Tuesday, March 15, 2011

Norwegian Wouldn’t

Am I the only person on the planet not counting down the days until *hyperventilate* OH MY GOD that TOTALLY AWESOME adaptation of that TOTALLY RAD novel by that TOTALLY HIP Japanese dude comes out?



Norwegian Wood is Murakami’s most straightforward and least imaginative novel. No sheep. No incest. No Super-Frogs. No unexplained paranormal phenomena. It’s just a love story about a student who falls for two different women.

Don’t get me wrong. I like the book. I do. But I don’t think there’s anything in the story that justifies turning it into a film. Oh except it’s a bestseller. Ch-ching!

Scripts have rules. Books don’t. That’s how it works. Novels can have fourteen subplots, seventy characters, span six generations and win the Booker. A screenplay with fourteen subplots and seventy characters won’t make it off the paper. It shouldn’t make it off your laptop. It probably shouldn’t make it out of your BRAIN.

Great screen stories have a single protagonist and a clear goal. Olive wants to win Little Miss Sunshine. Indiana Jones wants to find the Holy Grail. Elliott wants to help E.T. go home.

But Toru doesn’t want to escape from prison. He doesn’t want to get the hell off an island overrun with dinosaurs. He doesn’t even want to book Aerosmith for Waynestock.

He falls in love with Naoko. Then he falls in love with Midori. He sort of falls in love with Reiko too. The End.

The problem with this is that falling for one woman after another isn’t a goal unless you’re Russell Brand. It’s a sequence of emotions which play out in Toru’s head i.e. a thought process rather than a plot. You know what this says to me?

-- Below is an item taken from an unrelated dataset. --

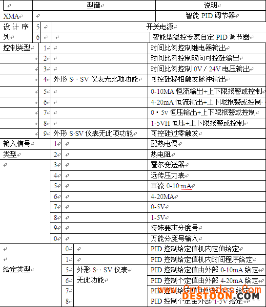 ※ 信號(hào)輸入 ◆ 只需做相應(yīng)的按鍵設(shè)置和硬件跳線設(shè)置,即可在以下所有輸入信號(hào)之間任意切換,即設(shè)即用。 ◆ 熱電阻:Pt100、Pt100.0、Cu50、Cu100、Pt10。 ◆ 熱電偶:K、E、S、B、T、R、N。 ◆ 標(biāo)準(zhǔn)信號(hào):0-10mA、4-20mA、0-5V、1-5V。 ◆ 霍爾傳感器:mV輸入信號(hào),0-5V以內(nèi)任意信號(hào)按鍵即設(shè)即用。 ◆ 遠(yuǎn)傳壓力表:30-350W,信號(hào)誤差現(xiàn)場(chǎng)按鍵修正。其它用戶特殊訂制輸入信號(hào)。 ※ 多種給定方式可選。 ◆本機(jī)給定方式(LSP)。 可通過(guò)面板上的增減鍵直接修改給定值,也可以加密碼鎖定不讓修改。 ◆時(shí)間程序給定(TSP)。 ◆ 外部模擬給定(遠(yuǎn)程給定)(RSP)。 10mA/4-20mA/0-5V/1-5V通用。 ※ 多種控制輸出方式可選擇(96×96、72×72方表和48×96小表多種控制輸出之間可模塊切換)。 ◆ 0-10mA、4-20mA、0-5V、1-5V控制輸出。 ◆ 時(shí)間比例控制繼電器輸出(1A/220VAC阻性負(fù)載)。 ◆ 時(shí)間比例控制5-30VSSR控制信號(hào)輸出。 ◆ 時(shí)間比例控制雙向可控硅輸出(3A,600V)。 ◆ 單相2路可控硅過(guò)零或移相觸發(fā)控制輸出(電路可觸發(fā)3-1000A可控硅)。 ◆ 三相6路可控硅過(guò)零或移相觸發(fā)控制輸出(電路可觸發(fā)3-1000A可控硅)。 ※ 外掛三相SCR觸發(fā)器。 ※ 自整定算法 獨(dú)特的PID參數(shù)自整定算法,將的控制理論和豐富的工程經(jīng)驗(yàn)相結(jié)合,使得本公司的PID調(diào)節(jié)器可適應(yīng)各種現(xiàn)場(chǎng),對(duì)一階慣性負(fù)載,二階慣性負(fù)載,三階慣性負(fù)載,一階慣性加純滯后負(fù)載,二階慣性加純滯后負(fù)載,三階慣性加純滯后負(fù)載,這六種有代表性的典型負(fù)載的全參數(shù)測(cè)試表明,PID參數(shù)自整定的成功率達(dá)95%以上。 ※ 可帶RS485 /RS232/Modem隔離通訊接口或串行標(biāo)準(zhǔn)打印接口。 ※ 單片機(jī)智能化設(shè)計(jì)。 ※ 零點(diǎn)、滿度自動(dòng)跟蹤,長(zhǎng)期運(yùn)行無(wú)漂移,全部參數(shù)按鍵可設(shè)定。 ※ FBBUS- ascii 碼協(xié)議與MODBUS-RTU協(xié)議可選(MODBUS-RTU協(xié)議僅用于Modbus選項(xiàng),接線方式與 RS485相同). ★ 技術(shù)指標(biāo) ※使用條件: 環(huán)境溫度:0 ~ 50℃; 相對(duì)濕度:≤90% ※電源電壓: AC90V ~ 265V (50 ~ 60HZ)或DC24±10%V ※基本誤差: 0.5%F.S±1字 ※顯示分辨率: 0.001,0.01,0.1,1 ※輸入特性: 電偶型:輸入阻抗大于10MW電阻型:引線電阻要求0~5W, 三線相等電壓型:輸入阻抗 大于300kW 電流型:輸入阻抗250W ※輸出特性: 繼電器容量:3A/220VAC或3A/24VDC,阻性負(fù)載48×96小表及96×96方表 0./240VAC電流型變送器輸出負(fù)載阻抗:小于600W電壓型變送輸出負(fù)載:大于200KW ※內(nèi)部冷端補(bǔ)償溫度范圍: 0 ~ 50℃ ※變送器電源輸出: 電壓24±10%VDC,zui大電流22mA,可直接配接二線制無(wú)源變送器 ※功耗: < 3W ※重量: < 0.5kg |

Voiceover. Long silences. Too much time to appreciate the soundtrack by *hyperventilate* OH MY GOD that TOTALLY AWESOME dude from that TOTALLY RAD band Radiohead!

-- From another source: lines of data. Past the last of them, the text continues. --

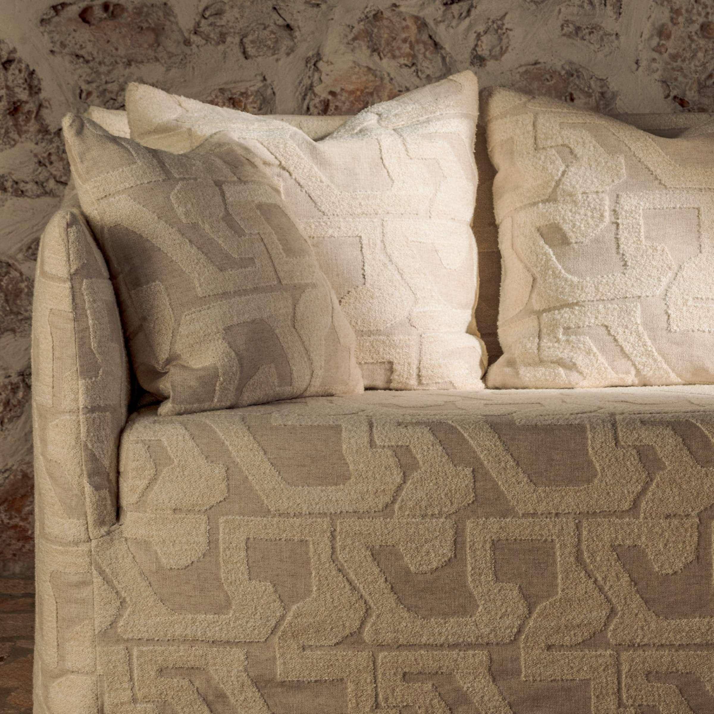 Subtile Ton-in-Ton-Geometrie, moderne Motive, Zartheit des gestickten Bouclette-Garns, Leinengrund, strukturierte Formen, Cross-over zwischen Klassik und Moderne, weicher Griff, für Polster und Vorhänge, Naturtöne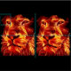 Lion Flame Fire no Tecido Negro com 2 Grandes Leões prontos para aquele projeto especial! Criado de um Impressão de Arte Digital original de Up On Mountain!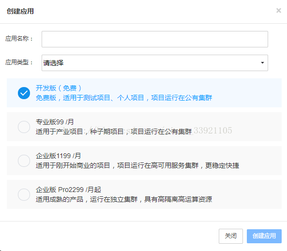 按操作进行即可,这里我们选择开发版免费的。当你创建完应用,点击所创建的应用: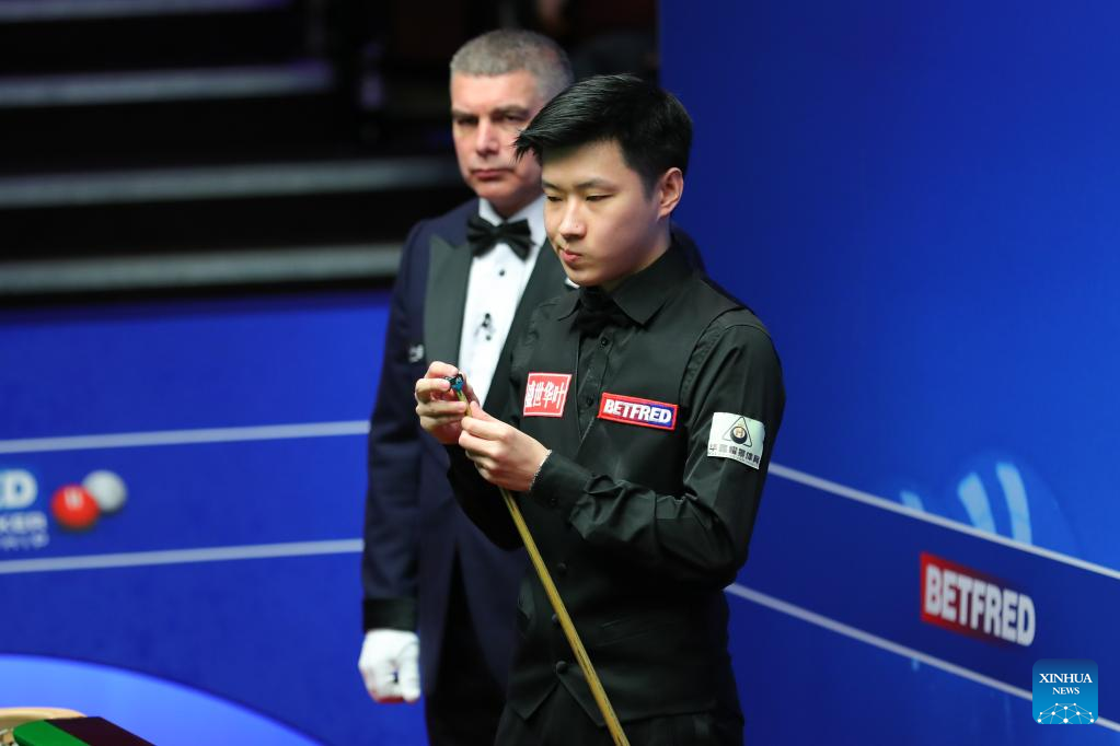 Zhao Xintong of China competes during the round one match against Jamie Clarke of Wales at the Betfred World Snooker Championships 2022 in Sheffield, Britain, April 16, 2022. (Photo by Zhai Zheng/Xinhua)

Unless Tran Anh Hung has restructured the story to give Toru an active dramatic goal, I’ve got a feeling I know exactly what kind of film we’re going to be left with.

Two words.

Marie Antoinette. Otherwise known as 142 minutes which could more productively be spent eating toilet roll.



I’d like to be proved wrong but I don’t think I will be, particularly after reading an article by Philip French on the Guardian blog, which ends with the backhanded compliment that Tran Anh Hung is ‘not afraid to risk boring his audience’.

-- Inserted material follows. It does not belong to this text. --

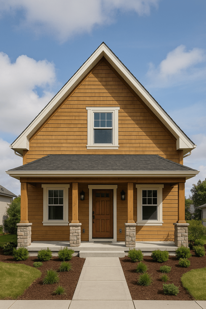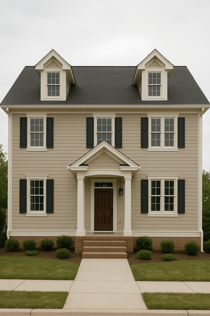 横張りの板を少しずつ重ねて仕上げる「ラップサイディング」が特徴的です。屋根にはドーマー窓を設置し、クラシックで落ち着いた印象を与えます。アメリカ建国初期の住宅デザインをモチーフにした伝統的な様式です。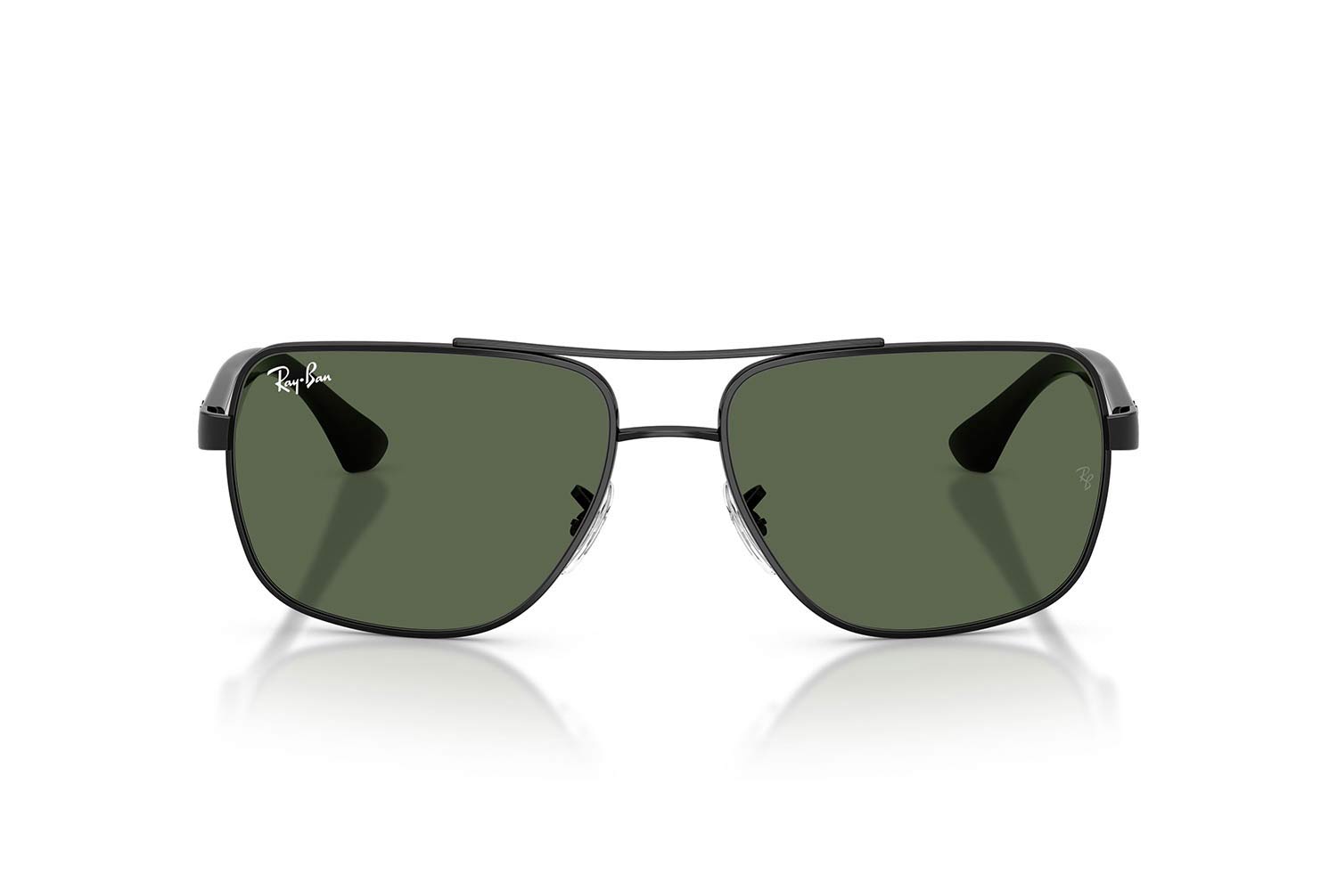 60 Rayban 3483 RB3483 002-71 60, Τετράγωνο σκελετός Μεταλλο, Μαύρο, Black Black, φακοί Σκούρο Πράσινο Πολυανθρακικό - Dark Green, Ανδρικό, Full Rim, Adjustable Nosepads γυαλιά ηλίου Ανδρικό

This is a bit like saying that Gordon Ramsay is not afraid to give his customers food poisoning, and about as inviting.

It suggests that, as predicted, Tran is going to go all Sofia Coppola on my ass, and therefore that Norwegian Wood is a film I am not going to enjoy.

It also suggests that there are going to be a large number of vegans in the audience who cycled to the movie and won’t be needing their glasses to watch it.

Tran may not be afraid to risk boring us, but I am afraid to risk emptying my wallet for two hours of my life I’m not going to get back.

And for the record, no, I probably won’t be watching Howl either.